Problem details: Pictures are to be left out; every line from the one that holds "A partir du" to the end of the data is to be retyped exactly.

Study material:
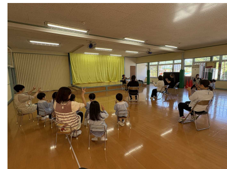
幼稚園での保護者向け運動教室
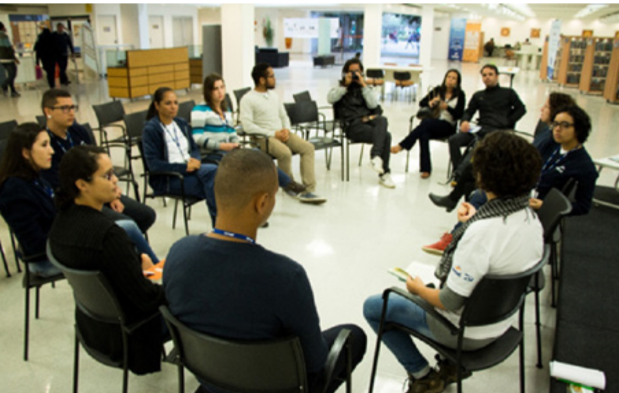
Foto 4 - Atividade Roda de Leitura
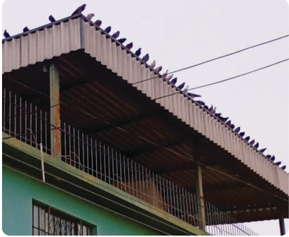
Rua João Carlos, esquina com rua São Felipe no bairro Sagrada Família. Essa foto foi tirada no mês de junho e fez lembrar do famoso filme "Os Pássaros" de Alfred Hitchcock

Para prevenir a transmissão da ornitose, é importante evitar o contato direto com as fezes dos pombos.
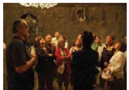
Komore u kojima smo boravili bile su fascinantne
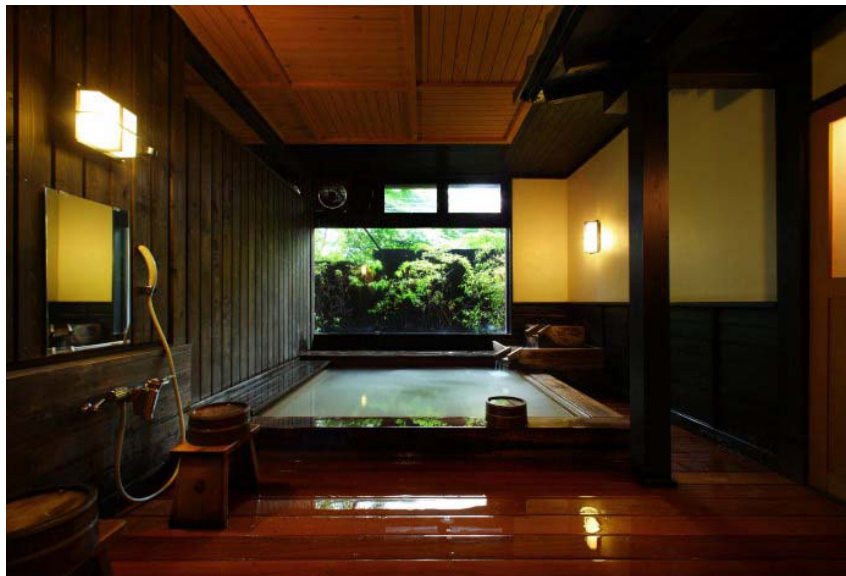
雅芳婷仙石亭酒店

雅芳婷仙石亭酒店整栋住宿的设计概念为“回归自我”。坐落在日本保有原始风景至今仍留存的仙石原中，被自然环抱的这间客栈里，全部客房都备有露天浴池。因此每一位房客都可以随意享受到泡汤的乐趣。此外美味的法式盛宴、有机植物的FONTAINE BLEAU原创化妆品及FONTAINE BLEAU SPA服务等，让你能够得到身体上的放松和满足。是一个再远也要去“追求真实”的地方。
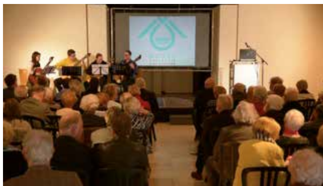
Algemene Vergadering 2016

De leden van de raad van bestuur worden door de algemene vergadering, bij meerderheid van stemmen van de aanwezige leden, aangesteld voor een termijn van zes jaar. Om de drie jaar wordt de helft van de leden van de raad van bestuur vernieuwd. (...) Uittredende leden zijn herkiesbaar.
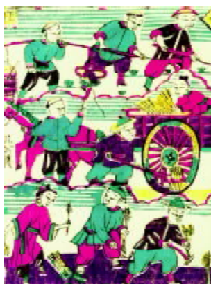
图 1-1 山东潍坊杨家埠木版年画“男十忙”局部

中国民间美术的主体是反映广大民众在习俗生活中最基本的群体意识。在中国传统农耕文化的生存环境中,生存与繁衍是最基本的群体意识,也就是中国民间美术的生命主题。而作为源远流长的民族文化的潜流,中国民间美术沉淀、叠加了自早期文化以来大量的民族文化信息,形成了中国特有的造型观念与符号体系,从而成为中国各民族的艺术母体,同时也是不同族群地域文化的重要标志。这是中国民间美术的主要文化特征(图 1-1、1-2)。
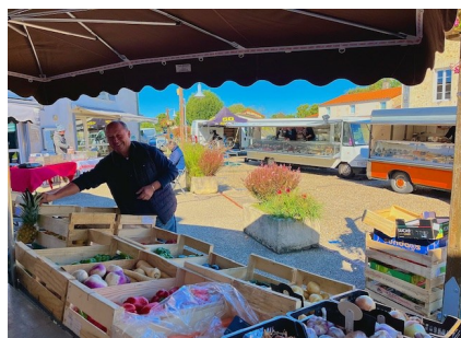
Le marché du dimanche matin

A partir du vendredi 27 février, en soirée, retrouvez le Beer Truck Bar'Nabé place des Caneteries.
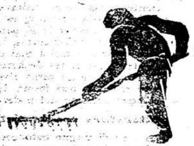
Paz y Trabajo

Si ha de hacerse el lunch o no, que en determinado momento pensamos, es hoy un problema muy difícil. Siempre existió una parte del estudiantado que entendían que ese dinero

Solution to this task:
A partir du vendredi 27 février, en soirée, retrouvez le Beer Truck Bar'Nabé place des Caneteries.
Paz y Trabajo

Si ha de hacerse el lunch o no, que en determinado momento pensamos, es hoy un problema muy difícil. Siempre existió una parte del estudiantado que entendían que ese dinero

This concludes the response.